When it comes to managing employees, sometimes you have to address their behavior and enable corrective action. This entails tough conversations between managers and employees. This doesn’t necessarily lead to firing, but rather helping an employee learn from their mistakes so they don’t make the same ones again in the future.

In having difficult conversations with employees, you want to approach it with as much compassion and truth as possible. Remember, this is just as uncomfortable for the employee as it is for you as a manager. You want to make sure that your employees don’t see you as the enemy, but rather as a teacher who values their work and wants them to do better.

We’ve compiled five tips that managers can utilize when having tough conversations with employees.

Be compassionate and caring

Managers and employees have a relationship that’s not only professional but personal. When a manager needs to approach an employee, they need to do so with compassion. Managers were once in their employees’ shoes, so it’s crucial for managers to approach the situation the way they would like to be talked to. They should communicate with GRIT (generosity, respect, integrity, and truth). Keep the conversation positive, which includes body language. Employees will sense anger and discomfort if they get that vibe from their managers.

Employees want to feel like their managers care about them, so it’s crucial that managers show they care during these meetings. Showing you care makes an impact on an employee’s performance, so if you don’t have that, it can affect workplace morale. You’d be surprised that it can have for an employee, not only during these conversations but in their everyday work and attitude.

Stick to the facts

When you’re having a difficult conversation with your employees, it’s crucial to stick to the facts and be objective. Instead of having an emotion-fueled conversation, have one that’s purely based on facts. Focus on their actions, not on your reaction to those actions. This will allow you to speak unbiased towards your employee.

In order to do this, you first need to decide what your desired outcome of the meeting will be. Once you have that, write down everything that happened with the employee to keep it factual, leaving emotion out of the equation. Lastly, identify and take responsibility for your part in the situation. With this approach, you will avoid repeating an unwanted pattern by doing so in a way that respects the employee.

Step into their shoes

Part of a difficult conversation is putting yourself in your employee’s shoes to see where they are coming from. You may not know what prompted them to say what they said or did what they did. Considering your employees’ viewpoints will help you create a win-win situation for everyone and deliver the message in a calm manner. When talking to your employees, use “I” statements, avoiding putdowns, judgment, and blame. This technique will help you stick to the facts and keep your composure.

That being said, you need to be open minded. Before reaching out to the person who needs to be confronted, make sure you are not the one in the wrong. If you go into a conversation expecting an issue, that’s what you’re going to get. Have good intentions in your confrontation, but also make sure you see it from the other person’s perspective too.

Don’t take it personally

This tip is the hardest for those of us who are born people pleasers who don’t want to upset anyone. If you approach the conversation with this mentality, you will get nowhere. Instead, focus on finding the truth in the matter by sticking to the facts and having the conversation from that perspective. How the other person responds is up to them.

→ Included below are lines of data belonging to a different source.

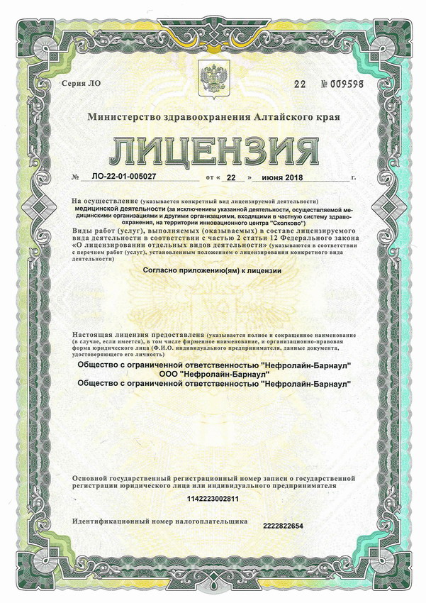 Полное наименование: Общество с ограниченной ответственностью "Нефролайн-Барнаул"
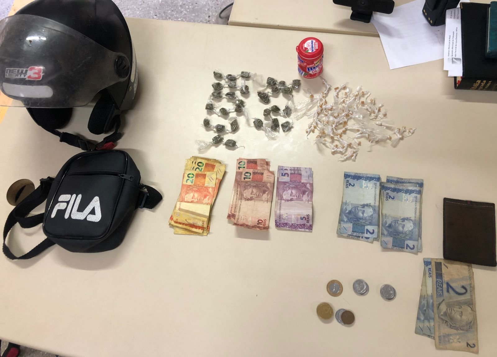 Com eles foi encontrado drogas, mas a arma utilizada na ação criminosa foi arremessada durante a fuga em local desconhecido.
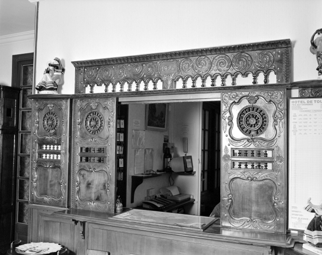Vue générale du guichet de l'entrée avec le lit clos daté de 1844.Immatriculation
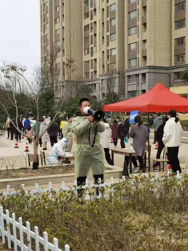 疫情爆發(fā)初始,許邱白就加入社區(qū)疫情防控志愿者的隊(duì)伍,服從志愿服務(wù)工作統(tǒng)一調(diào)度,協(xié)助醫(yī)護(hù)人員做好公共場所秩序維持,積極引導(dǎo)群眾有序進(jìn)行核酸檢測。在現(xiàn)場,他一邊維持秩序,一邊提醒居民們:“請大家佩戴好口罩、排好隊(duì),保持一米間隔,準(zhǔn)備好身份證,出示蘇康碼”。他不怕風(fēng)險,用實(shí)際行動踐行了“奉獻(xiàn)、友愛、互助、進(jìn)步”的志愿者精神。
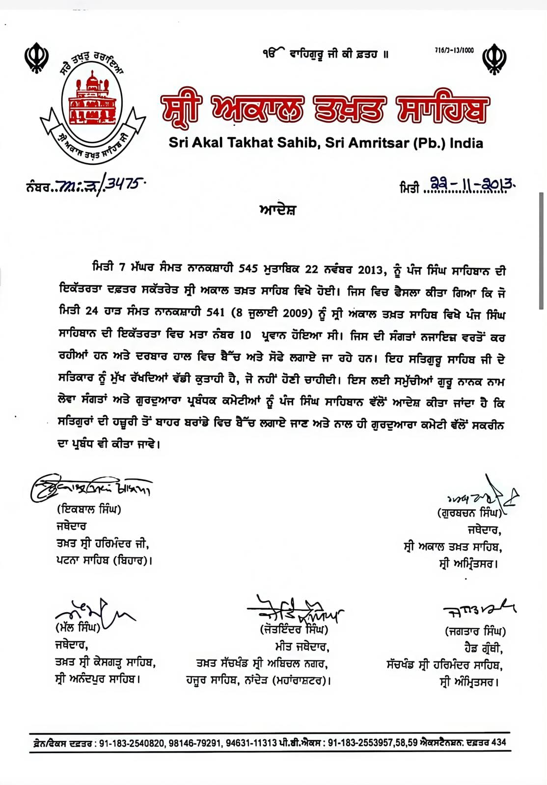f. Hukam must be taken at the end of the Divaan (congregational session) or after the Ardaas for Bhog (completion).
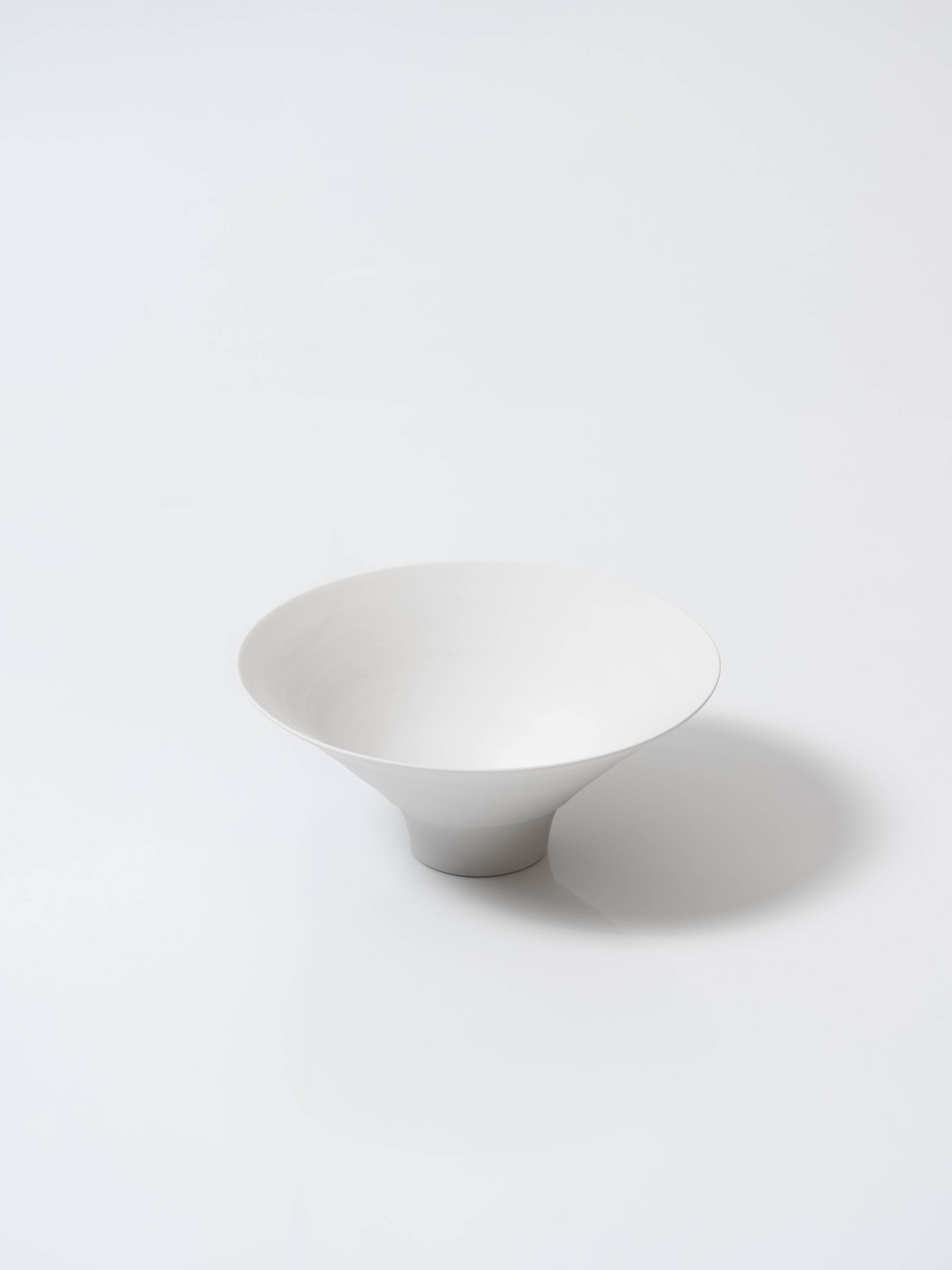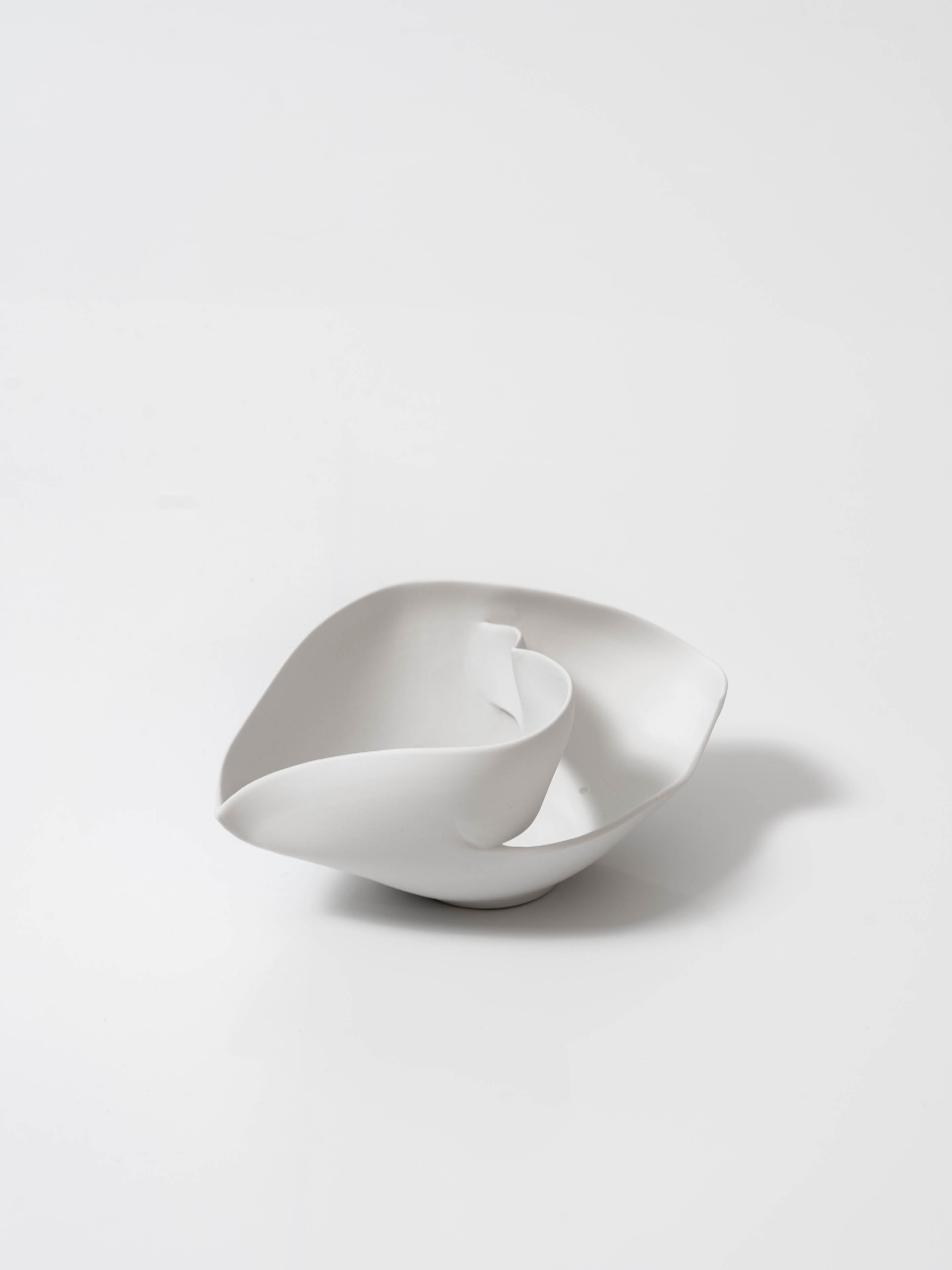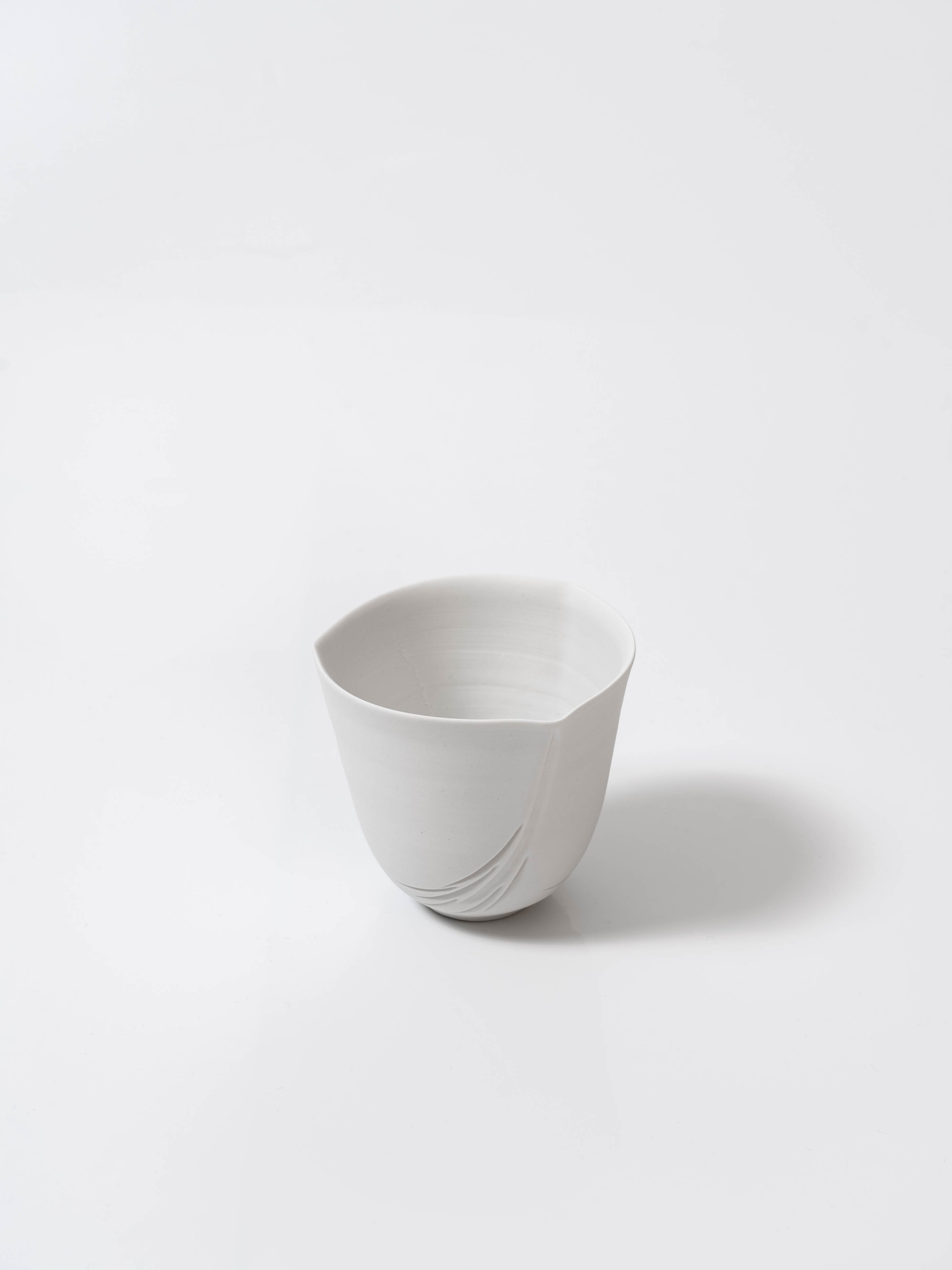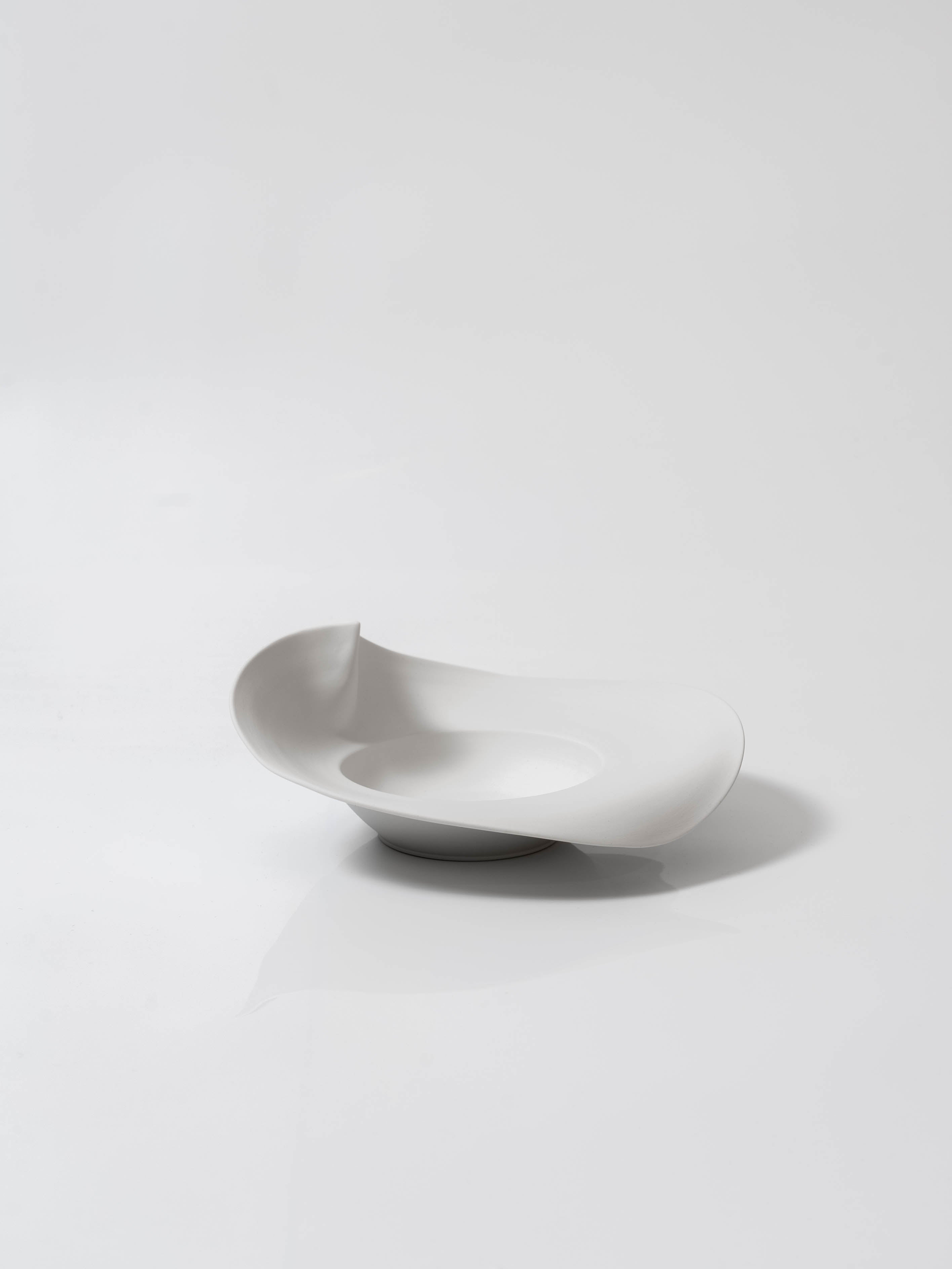 平安時代、宮中の膳や神前の祭壇にひそやかに置かれていた素焼きの器「瓦笥(かはらけ)」。釉薬を施さずに土の肌をそのまま見せるこの器は、日常と神事の間に在る器として平安時代の宮中や神事の場に静かに佇んでいました。『源氏物語』をはじめとする古典文学にもその名を留め、平安貴族の食卓における静かな気配として、また神を迎える祭祀の具として、人と神の間を取り持つ象徴的な存在でありました。特に平安時代において瓦笥は、御神酒を捧げる盃や三方の上に神饌を供える器として用いられており、素焼きという素材の選択にも、余計な美飾を廃してただ清らかさのみを際立たせる思想が宿っています。その瓦笥に着想を得て、現代の生活空間と美意識に合わせて生まれ変わらせたセラミックアートとなっています。磁器の持つ繊細で美しい輝き、澄み切った白、そして彫刻的・構築的な意匠。それに日本の伝統美を掛け合わせ、ほのかに王朝の香りが漂う現代の瓦笥として再解釈しました。
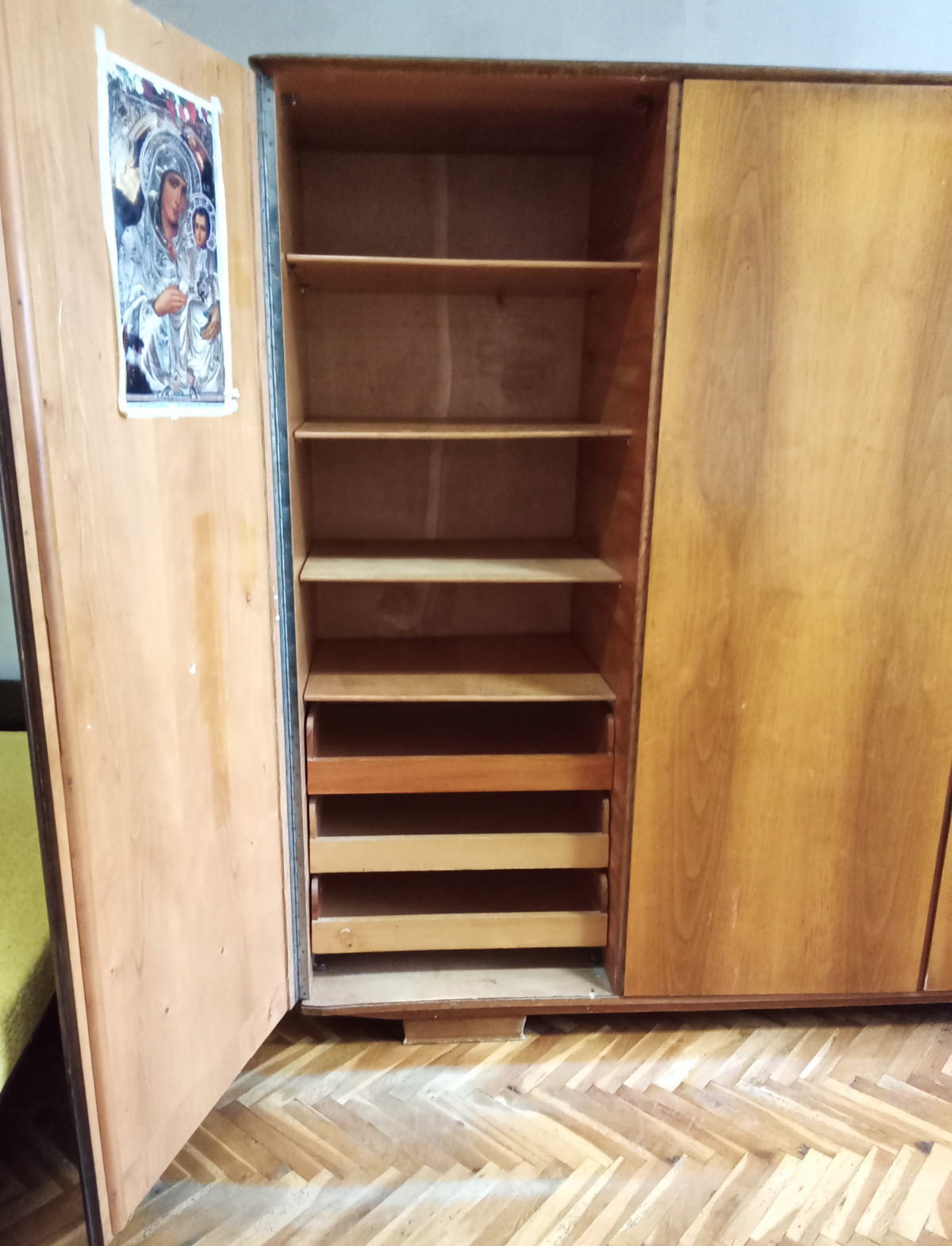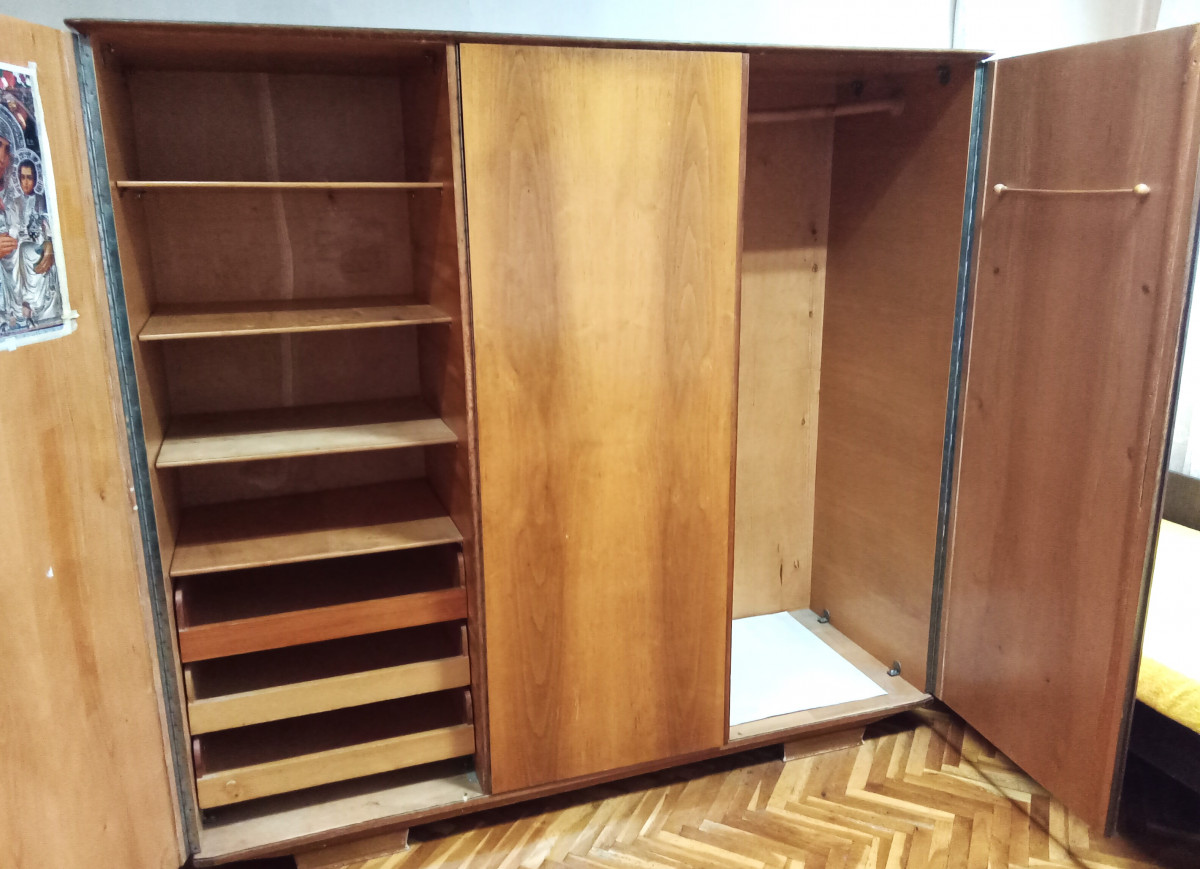 Трикрилен гардероб. Височина 173 см. Ширина 190 см. Дълбочина 60 см. Много запазен.
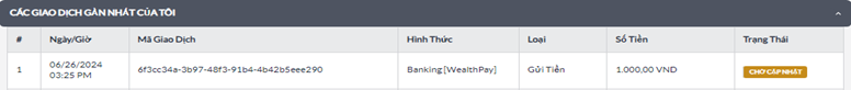 Vui lòng kiểm tra trạng thái và lịch sử gửi tiền của Quý Khách tại "CÁC GIAO DỊCH GẦN NHẤT CỦA TÔI"

Along with this, don’t sugar-coat the truth when having the conversation with your employees. Your employees expect you to be transparent and honest with you, no matter how brutal. Though it may be hard to divulge the truth because you’re afraid of the worst-case scenario, your employees will thank you for it. Think of the truth as a learning tool for your employees; they won’t improve unless you are honest with them about what they need to improve on.

Come to an agreement/resolution

At the end of your conversation with your employee, make sure both parties come to an agreement and resolve the issue at hand. Make sure to schedule any follow-up meetings if necessary or put action items in place to circle back on. You want to leave the conversation with all the loose ends tied up so both parties feel good when they leave the room.

You don’t leave anything untouched. If you can tell there is something bothering your employee, ask for more details, or ask them if there is anything they want to bring up while you’re already talking. This way, you cover all of your bases and make your employees feel heard and that you truly value the issues they bring to the table.

Having tough conversations is never easy, especially with employees. However, it’s necessary to foster a healthy work environment for both managers and their employees. By following the tips above, you’re sure to walk into your next conversation with an employee feeling more comfortable confronting them.